Stuart Schechter
Stuart Schechter

Reputation: 584

What comes after $ and Android JNI naming?

When I try to call a JNI function from Android, I'm getting an error due to an unexpected suffix that appears in the function signature.

The Kotlin class is org.dicekeys.crypto.seeded.PublicKey and I'm calling a static method constructFromJsonJNI, which should be calling a JNI method named Java_org_dicekeys_crypto_seeded_PublicKey_constructJNI. It is instead look for Java_org_dicekeys_crypto_seeded_PublicKey_constructJNI_00024seeded_1debug (the module is named "seeded" and the IML implies that Andrdoid Studio has assigned the name "seeded_debug". I have no idea where the 00024 originates. Perhaps a hash?)

The mismatch yields this exception, which is a common exception when you don't load the module (it's loaded), don't use the name JNI expects (this matches with the checker in the latest tools), or when you forget to load the library (this worked just a day or two ago before something got corrupted. - it loads):

java.lang.UnsatisfiedLinkError: No implementation found for long org.dicekeys.crypto.seeded.PublicKey.constructJNI$seeded_debug(java.lang.String) (tried Java_org_dicekeys_crypto_seeded_PublicKey_constructJNI_00024seeded_1debug and Java_org_dicekeys_crypto_seeded_PublicKey_constructJNI_00024seeded_1debug__Ljava_lang_String_2)

The libraries are indeed being compiled, the latest Kotlin language tools report a correct link between my extern functions and my JNI implementations, and this all worked until a day ago.

I've already tried deleting all the builds, .iml files, etc. and rebuilding from scratch without luck.
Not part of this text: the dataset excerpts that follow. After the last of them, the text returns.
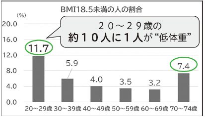 “低体重”はさまざまな健康障害を招くだけでなく、骨に対しても悪い影響を与えてしまいます。由布市では、どれくらい“低体重”の人がいるのでしょうか?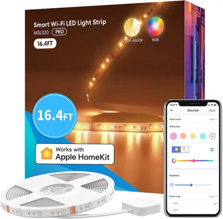 Stwórz w domu idealny nastrój z inteligentną taśmą LED Meross MSL320 o długości 5 m. Oferuje oświetlenie RGBWW z możliwością ściemniania i ustawienia temperatury bieli 2700–6500 K, działa przez Wi‑Fi i obsługuje Apple HomeKit/Siri, Amazon Alexa, Google Assistant oraz SmartThings. Steruj światłem wygodnie telefonem lub głosem, korzystaj ze scen i harmonogramów, aby uczynić dom jeszcze inteligentniejszym.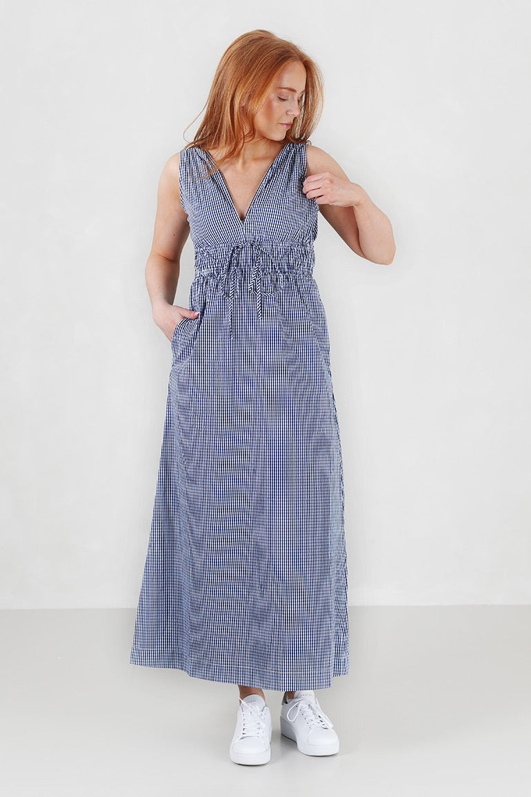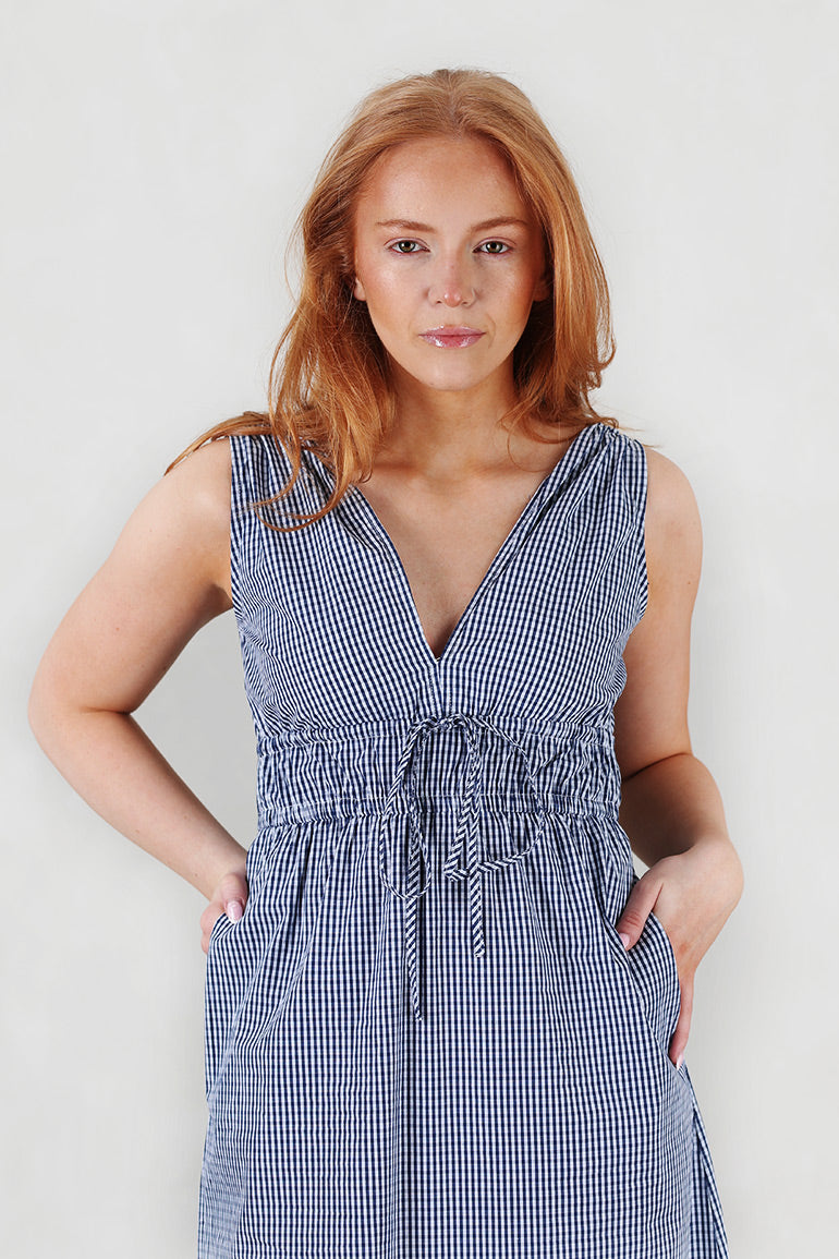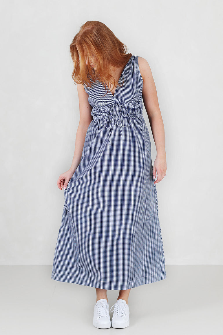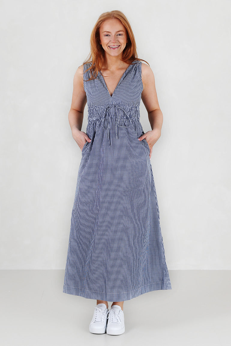 Skjønn kjole fra franske Grace & Mila i mørkeblå/hvite ruter. Tykke stropper, knyting under brystet og v-utrigning foran og bak. Lommer i sidene.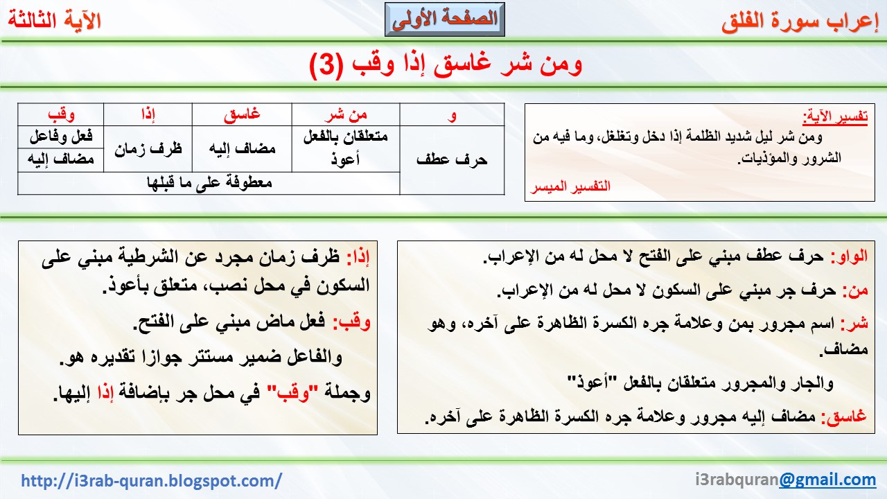 تفسير واعراب سورة الفلق الاية 3 الجزء الثلاثون مدونة طارق شهاب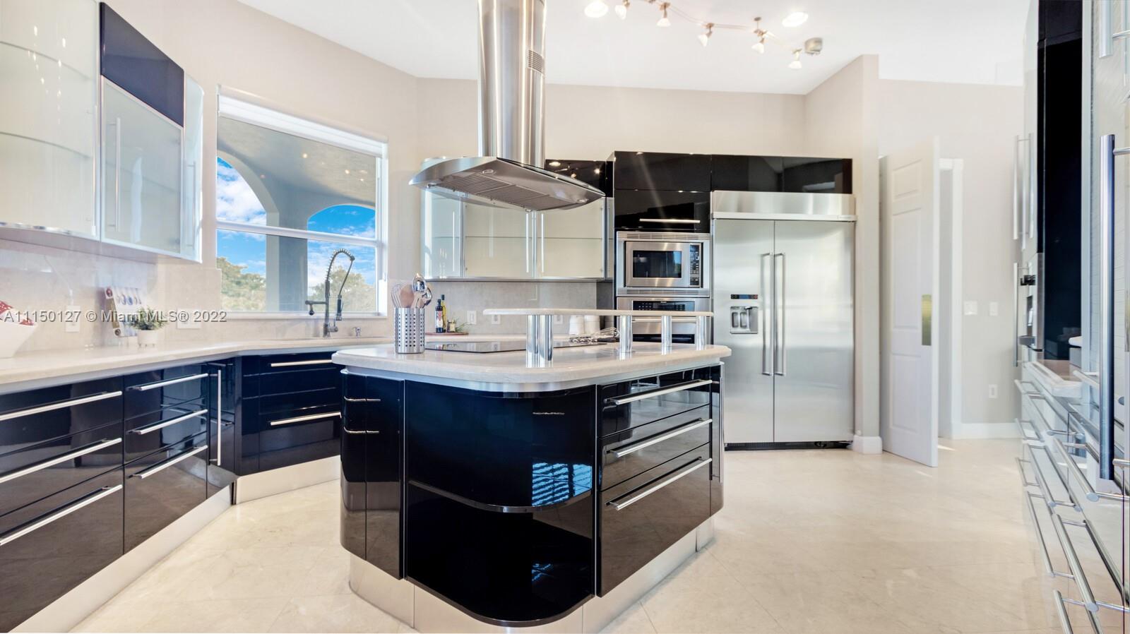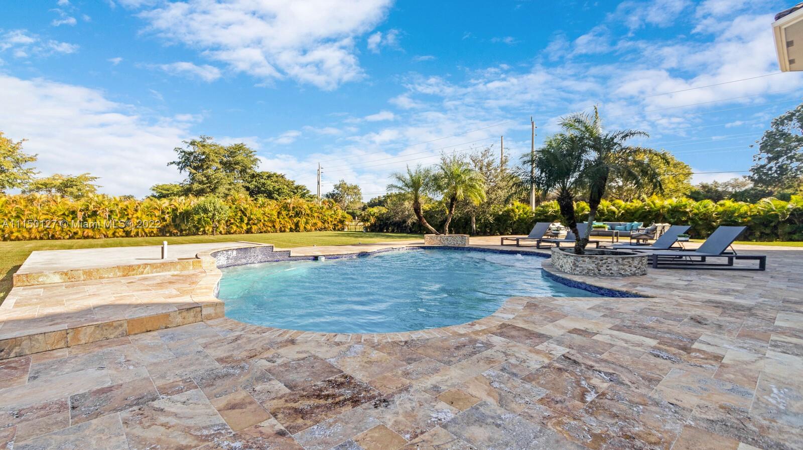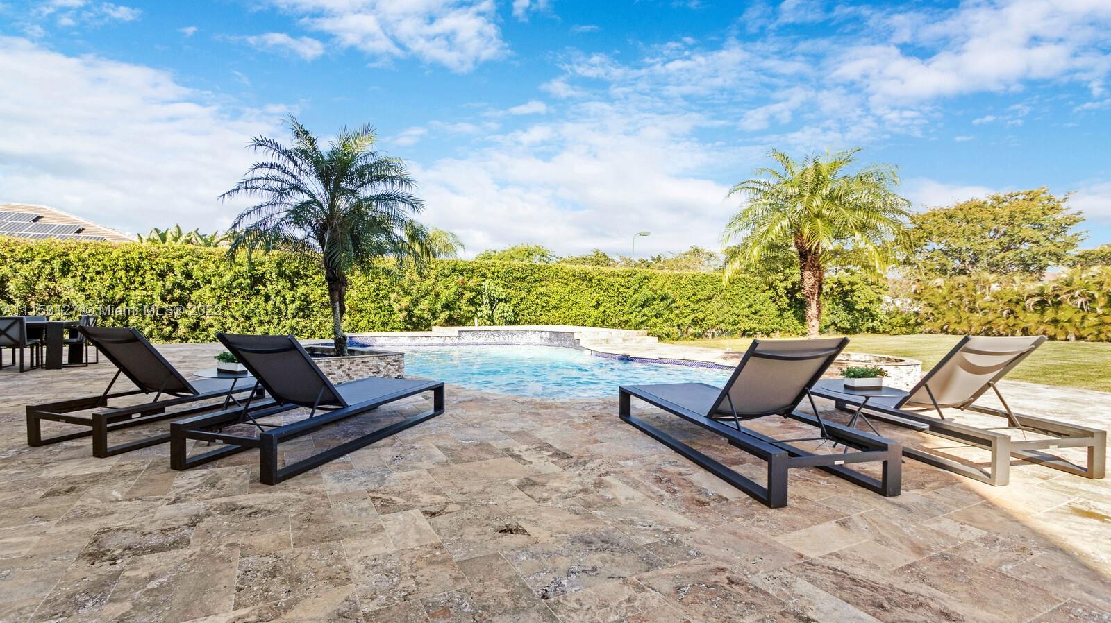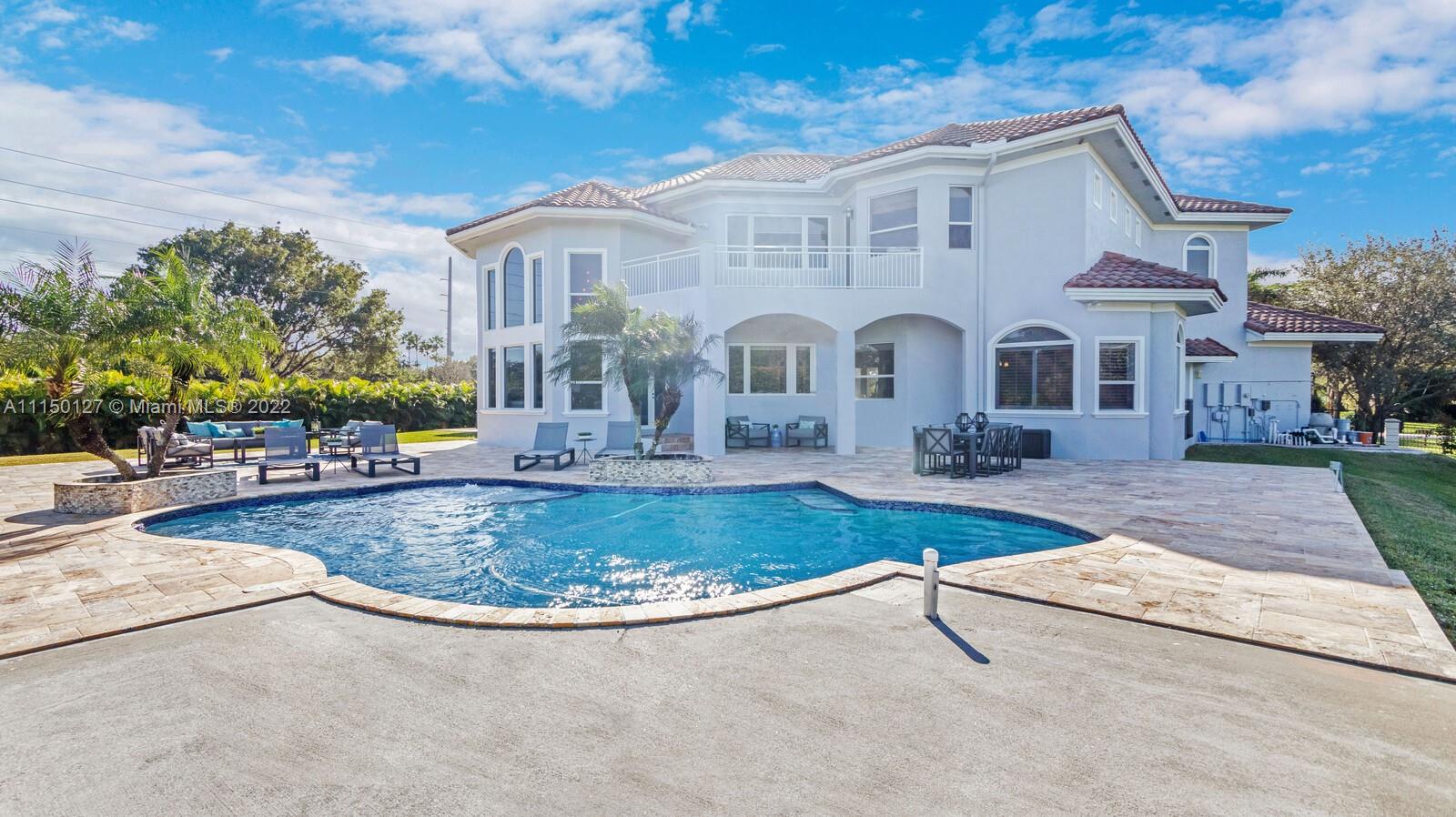 Custom built home including 5 bedrooms, 4.5 baths and a loft area with designer finishes. The entrance to this beautiful home includes a grand porte-cochere, a circular driveway, 3 car garage, and impact windows throughout. The walkway up to the grand double steel door entrance is lush with landscaping. Upon entering you will notice the luxuriously high vaulted ceilings bringing a beautiful flow of serenity. The marble foyer offers a direct view of the expansive backyard and resort style pool. The master suite features an oversized sitting area, walk in closets with built in cabinets, which is located on the first floor. Thermador appliances including a coffee station, walk in pantry, center island with cook-top and hub, double oven, and a bar area. New 2 zone A/C units installed 2020.

The relevant gradle sections are:

android {

    ndkVersion '21.0.6113669'

    compileSdkVersion 29
    buildToolsVersion "29.0.2"

    buildTypes {
        release {
            minifyEnabled false
            proguardFiles getDefaultProguardFile('proguard-android-optimize.txt'), 'proguard-rules.pro'
            signingConfig signingConfigs.release
            debuggable = false
        }
        debug {
            debuggable true
            initWith debug
            jniDebuggable false
            signingConfig signingConfigs.debug
        }
    }

...
    defaultConfig {
        minSdkVersion 19
        targetSdkVersion 29
        versionCode 1
        versionName "1.0"

        testInstrumentationRunner "androidx.test.runner.AndroidJUnitRunner"
        consumerProguardFiles 'consumer-rules.pro'

        externalNativeBuild {
            cmake {
                cppFlags "-std=c++11"
            }
        }
    }
...
    externalNativeBuild {
        cmake {
            version "3.15.0+"
            path file('src/main/cpp/CMakeLists.txt')
        }
    }

    compileOptions {
        sourceCompatibility JavaVersion.VERSION_1_8
        targetCompatibility JavaVersion.VERSION_1_8
    }


    kotlinOptions {
        jvmTarget = JavaVersion.VERSION_1_8.toString()
    }
}
...
dependencies {
    implementation fileTree(dir: 'libs', include: ['*.jar'])
    implementation "org.jetbrains.kotlin:kotlin-stdlib-jdk7:$kotlin_version"
    implementation 'androidx.appcompat:appcompat:1.1.0'
    implementation 'androidx.core:core-ktx:1.2.0'
    testImplementation 'junit:junit:4.13'
    androidTestImplementation 'androidx.test.ext:junit:1.1.1'
    androidTestImplementation 'androidx.test.espresso:espresso-core:3.2.0'

    implementation 'com.google.zxing:core:3.4.0'
}

Upvotes: 0

Views: 423

Answers (1)

Stuart Schechter
Stuart Schechter

Reputation: 584

For those who suffer the lost hours I did due to mappings of Kotlin companion object @JvmStatic functions to C function names in JNI.

I had marked my JNI functions internal (which creates the beautiful pair internal external). Apparently, adding internal changes the required JNI function by adding $, which becomes 00024. The current Android Studio tools (3.6.2 from March 19, 2020) didn't factor that in, generated the wrong function names, or flag the problem with the naming.

I fixed by making the functions private external instead of internal external since my use case allowed that. If I needed internal so that other classes in my module could access it, I'd likely just add a wrapper function next to the private extern one that could expose the private function to other code in my module.